- [Problem requirements] Your answer must be the records below, given again exactly, with no pictures in it.

Records contained in a dataset:
+ + + + + + +

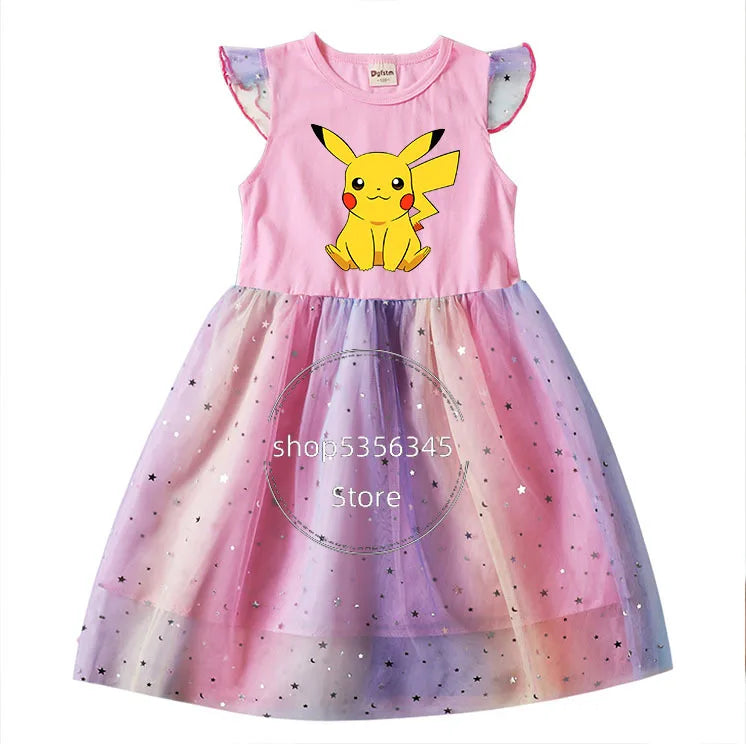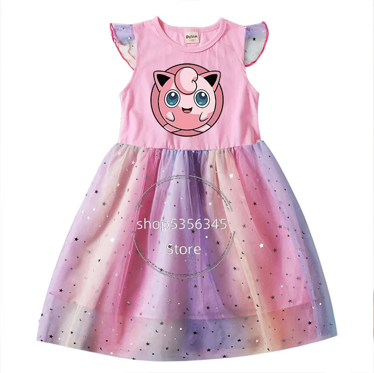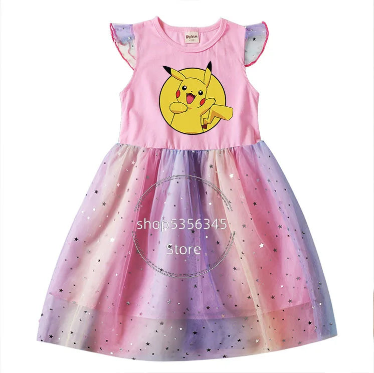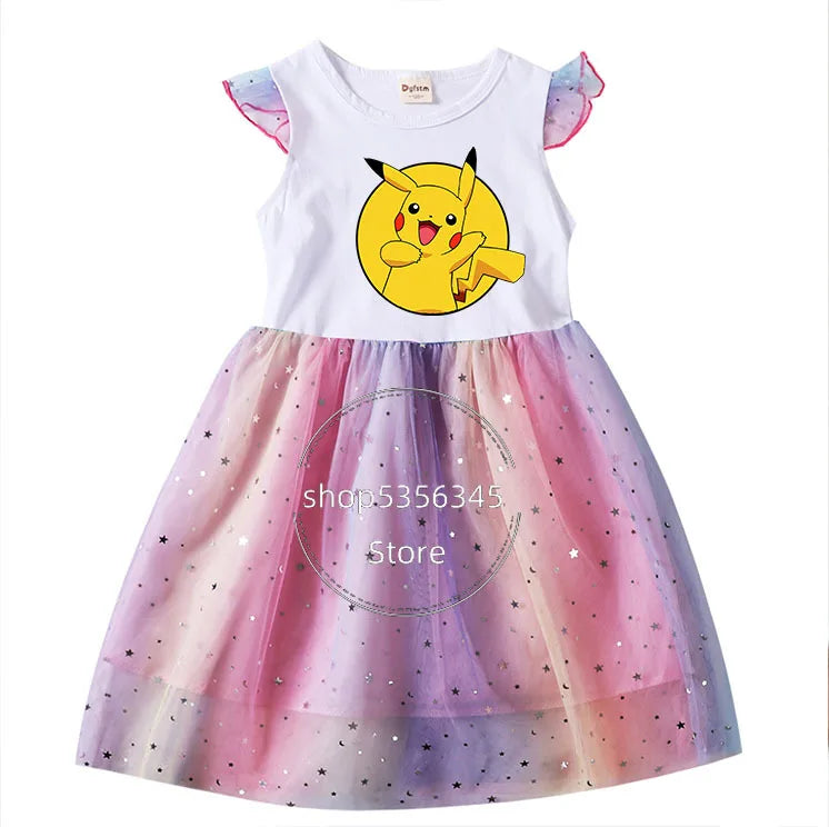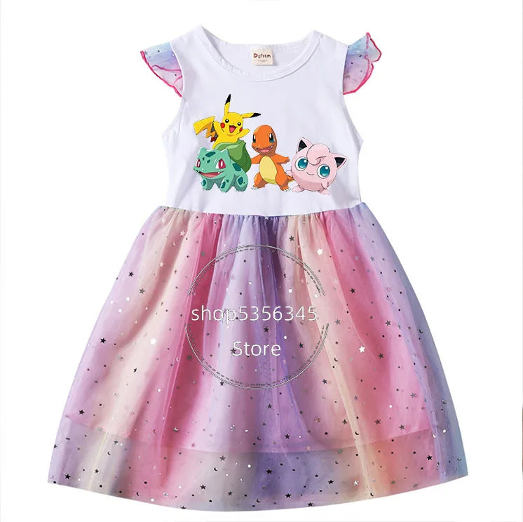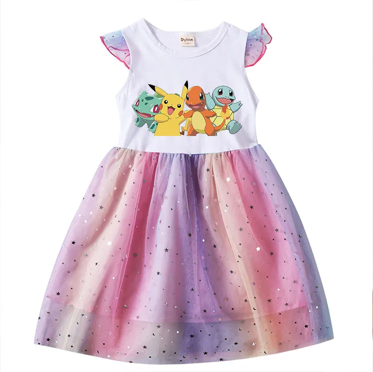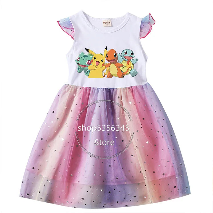 Dívčí šaty s potiskem Pokémon a krátkým rukávem s tutu sukní.
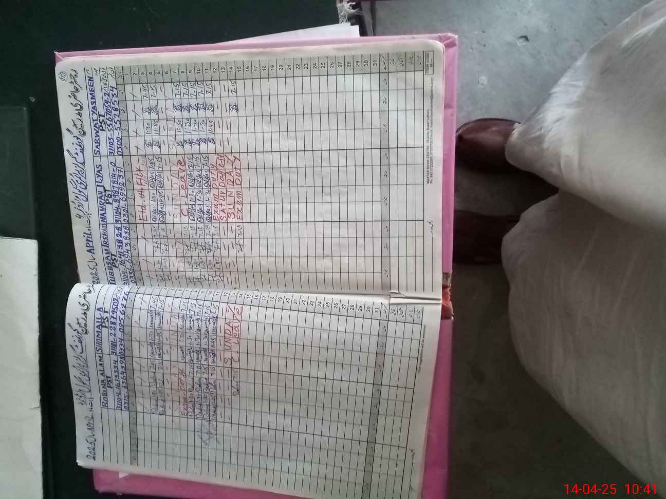 | Leave | Duty | Absent | Maternity | Medical | Ex- Pak |
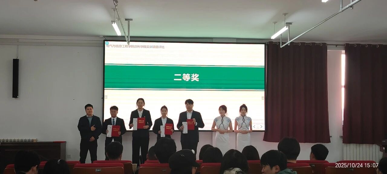 为搭建学生专业成果展示平台,激发创新思维,促进校企人才培养交流,2025年10月24日,电气与信息工程学院于明德楼520开展了“2026届毕业生实训项目评比”活动的复赛评审。活动首阶段已由各专业班级于2025年9月15日至10月15日进行了内部初评,复赛阶段则是对各专业推荐的优秀项目进行集中展示与最终角逐。
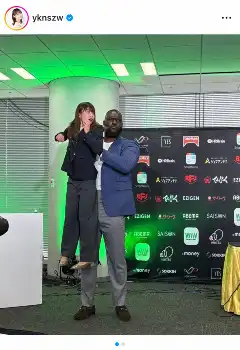 西澤アナは「今日の記者会見。司会をしていたら、急に宙に浮きました」と、プロレスラーのオモスに軽々と持ち上げられるショットを投稿。この写真に「この写真合成!?って聞かれるんですけどリアルです。笑」と伝えた。
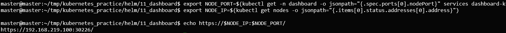 export NODE_PORT=$(kubectl get -n dashboard -o jsonpath="{.spec.ports[0].nodePort}" services dashboard-kubernetes-dashboard)
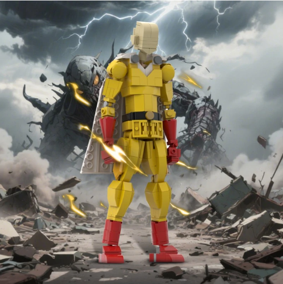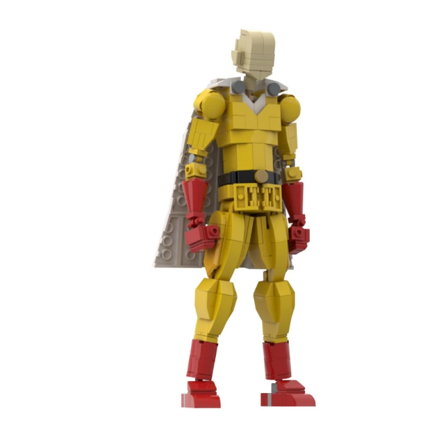 Model przedstawia Saitamę w żółtym stroju z peleryną, czerwonymi rękawicami i butami. Dzięki solidnej konstrukcji z wysokiej jakości klocków ABS oraz dokładnemu odwzorowaniu detali, figurka świetnie nadaje się do ekspozycji na półce lub biurku.
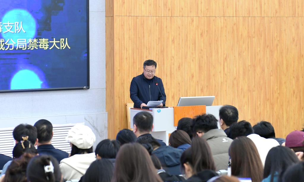 丰雷在致词时指出,枣庄市公安局禁毒支队多次来校开展禁毒宣传教育活动,及时传送禁毒的资料和方法,形成警校共建、同频共振的禁毒工作合力,对于今年会官网禁毒工作起到了重要的推进作用。希望通过宣讲会,增强广大师生积极参与禁毒斗争、自觉增强防范毒品意识,提升防范毒品技能,珍爱生命、远离毒品,共同筑牢禁毒战线钢铁长城。
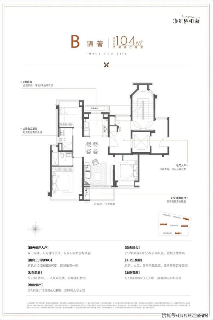 建面约104㎡舒适三房,三开间朝南+动静分区,设计水准颇高。 特别是宽景阳台的设置,为客厅配备一幅iMax广角视野,多角度观赏社区美景,适配对品质有需求的首置或首改客户。
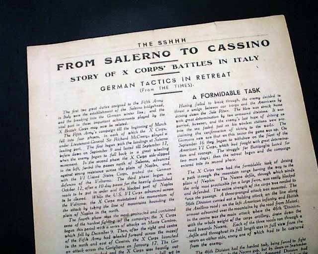 Articles include: "Spearhead Drive Through Brittany" 'Putting First Things First" "Eighth Cross The Arno" "Stop Press: Americans in Brest" with the entire back page taken up with: "From Salerno To Cassino - Story of X Corps' Battles In Italy - German Tactics In Retreat".
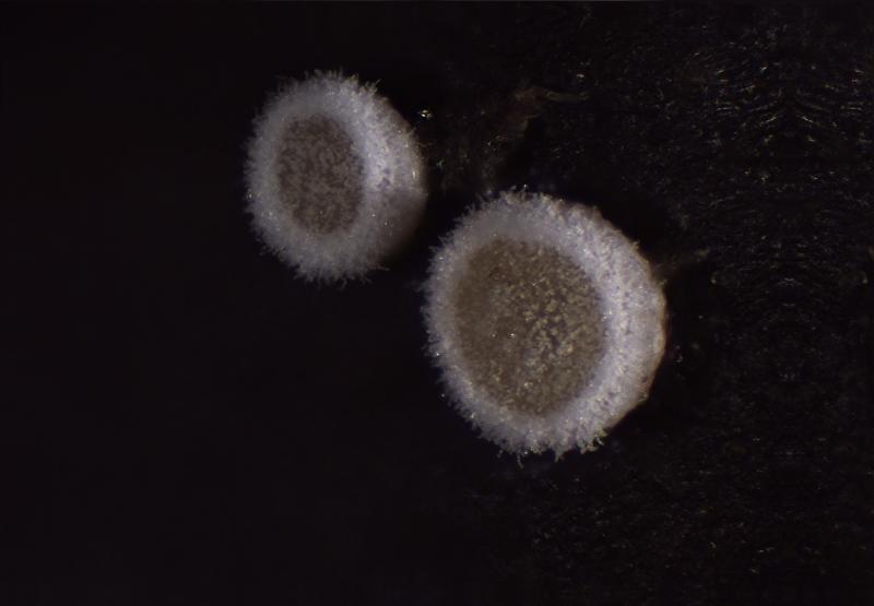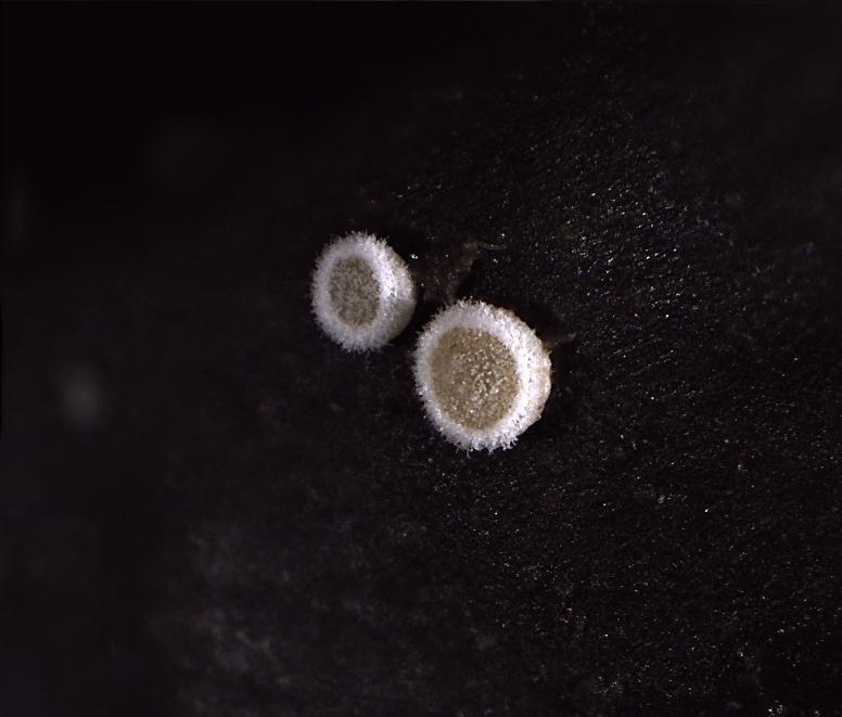 Apothécie de diamètre 500 µm par exemple, sessile, discoïde, à large marge blanche d'aspect cotonneux, à hyménium blanchâtre duveteux au début puis de plus en plus jaune orange.
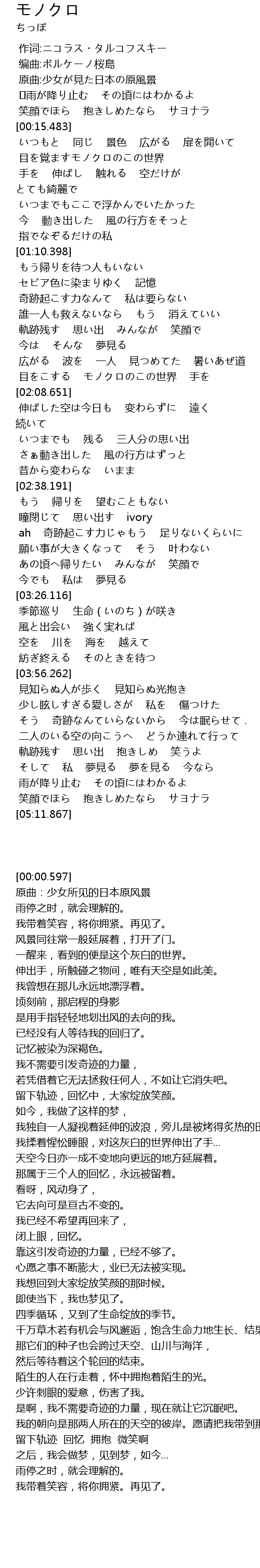 | [00:36.224] | 目を覚ますモノクロのこの世界 |
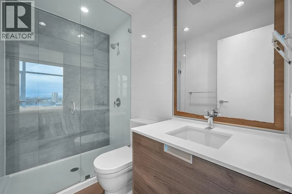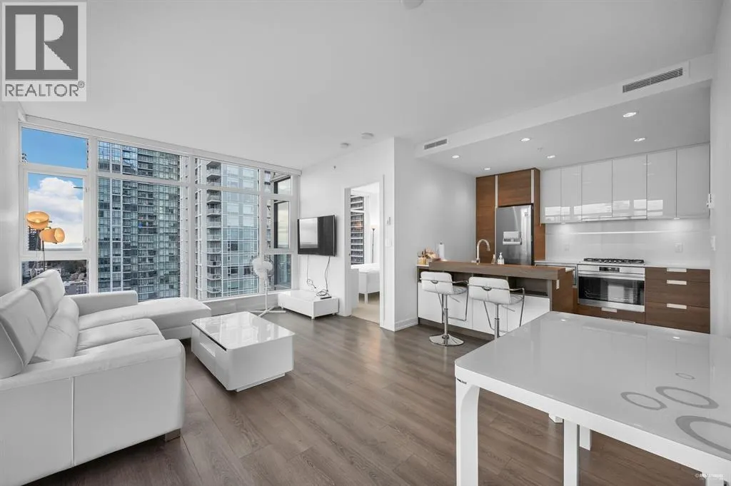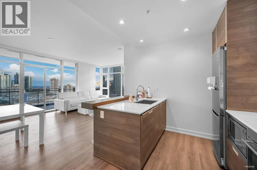 This modern 2bed2bath open concept layout has 2 sides of wall-to-wall floor-to-ceiling glass walls and access to the covered view balcony maximizes the views and lights all day. The functional floor plan with modern features including wood veneer & opaque glass kitchen cabinets, stainless steel appliances, gas stove & under-cabinet lighting, full sized washer/dryer. "The Station Square I" sits on center of South Burnaby, minutes to skytrain, restaurants and the pulse of Metortown. Amenities include gym, meeting room, guest suites, and concierge and premier amenities. Smoking pets are not permitted, Minimum one year fixed-term. (id:27476)
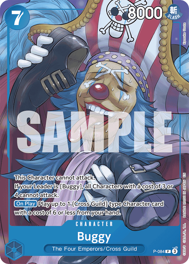 This Character cannot attack.If your Leader is [Buggy], all Characters with a cost of 3 or 4 cannot attack. [On Play] Play up to 1 {Cross Guild} type Character card with a cost of 6 or less from your hand.
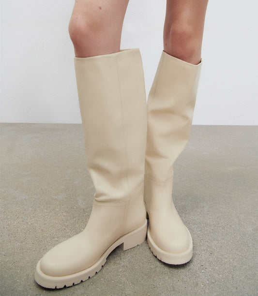 Women Knee High Boots Genuine Leather High Heeled Boots
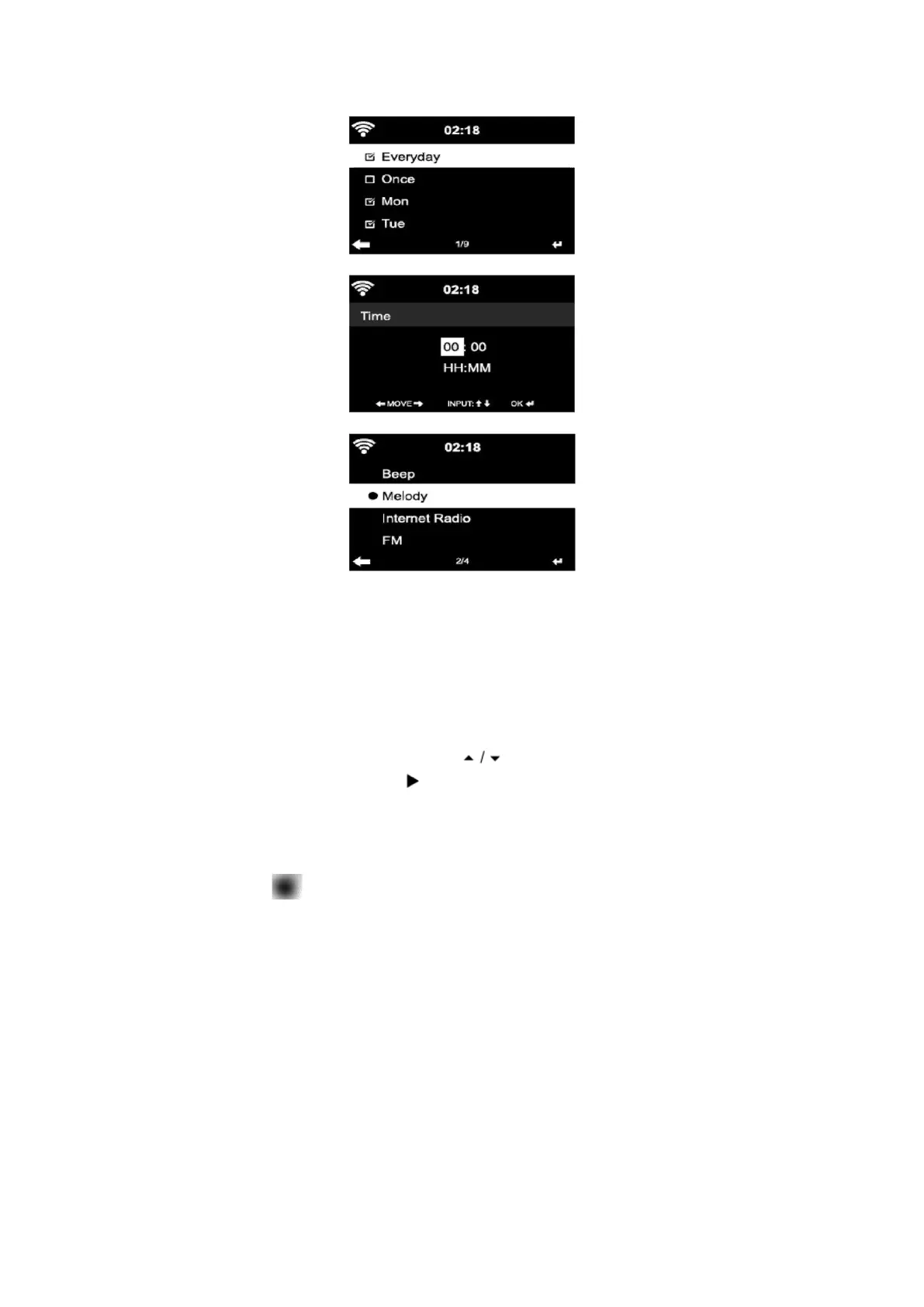 Opmerking: als u het (alarm) geluid kiest Internetradio/FM/DAB. U moet een eerder

+ + + + + + +

- [Solution to this problem]
 Dívčí šaty s potiskem Pokémon a krátkým rukávem s tutu sukní.
 | Leave | Duty | Absent | Maternity | Medical | Ex- Pak |
 为搭建学生专业成果展示平台,激发创新思维,促进校企人才培养交流,2025年10月24日,电气与信息工程学院于明德楼520开展了“2026届毕业生实训项目评比”活动的复赛评审。活动首阶段已由各专业班级于2025年9月15日至10月15日进行了内部初评,复赛阶段则是对各专业推荐的优秀项目进行集中展示与最终角逐。
 西澤アナは「今日の記者会見。司会をしていたら、急に宙に浮きました」と、プロレスラーのオモスに軽々と持ち上げられるショットを投稿。この写真に「この写真合成!?って聞かれるんですけどリアルです。笑」と伝えた。
 export NODE_PORT=$(kubectl get -n dashboard -o jsonpath="{.spec.ports[0].nodePort}" services dashboard-kubernetes-dashboard)
 Model przedstawia Saitamę w żółtym stroju z peleryną, czerwonymi rękawicami i butami. Dzięki solidnej konstrukcji z wysokiej jakości klocków ABS oraz dokładnemu odwzorowaniu detali, figurka świetnie nadaje się do ekspozycji na półce lub biurku.
 丰雷在致词时指出,枣庄市公安局禁毒支队多次来校开展禁毒宣传教育活动,及时传送禁毒的资料和方法,形成警校共建、同频共振的禁毒工作合力,对于今年会官网禁毒工作起到了重要的推进作用。希望通过宣讲会,增强广大师生积极参与禁毒斗争、自觉增强防范毒品意识,提升防范毒品技能,珍爱生命、远离毒品,共同筑牢禁毒战线钢铁长城。
 建面约104㎡舒适三房,三开间朝南+动静分区,设计水准颇高。 特别是宽景阳台的设置,为客厅配备一幅iMax广角视野,多角度观赏社区美景,适配对品质有需求的首置或首改客户。
 Articles include: "Spearhead Drive Through Brittany" 'Putting First Things First" "Eighth Cross The Arno" "Stop Press: Americans in Brest" with the entire back page taken up with: "From Salerno To Cassino - Story of X Corps' Battles In Italy - German Tactics In Retreat".
 Apothécie de diamètre 500 µm par exemple, sessile, discoïde, à large marge blanche d'aspect cotonneux, à hyménium blanchâtre duveteux au début puis de plus en plus jaune orange.
 | [00:36.224] | 目を覚ますモノクロのこの世界 |
 This modern 2bed2bath open concept layout has 2 sides of wall-to-wall floor-to-ceiling glass walls and access to the covered view balcony maximizes the views and lights all day. The functional floor plan with modern features including wood veneer & opaque glass kitchen cabinets, stainless steel appliances, gas stove & under-cabinet lighting, full sized washer/dryer. "The Station Square I" sits on center of South Burnaby, minutes to skytrain, restaurants and the pulse of Metortown. Amenities include gym, meeting room, guest suites, and concierge and premier amenities. Smoking pets are not permitted, Minimum one year fixed-term. (id:27476)
 This Character cannot attack.If your Leader is [Buggy], all Characters with a cost of 3 or 4 cannot attack. [On Play] Play up to 1 {Cross Guild} type Character card with a cost of 6 or less from your hand.
 Women Knee High Boots Genuine Leather High Heeled Boots
 Opmerking: als u het (alarm) geluid kiest Internetradio/FM/DAB. U moet een eerder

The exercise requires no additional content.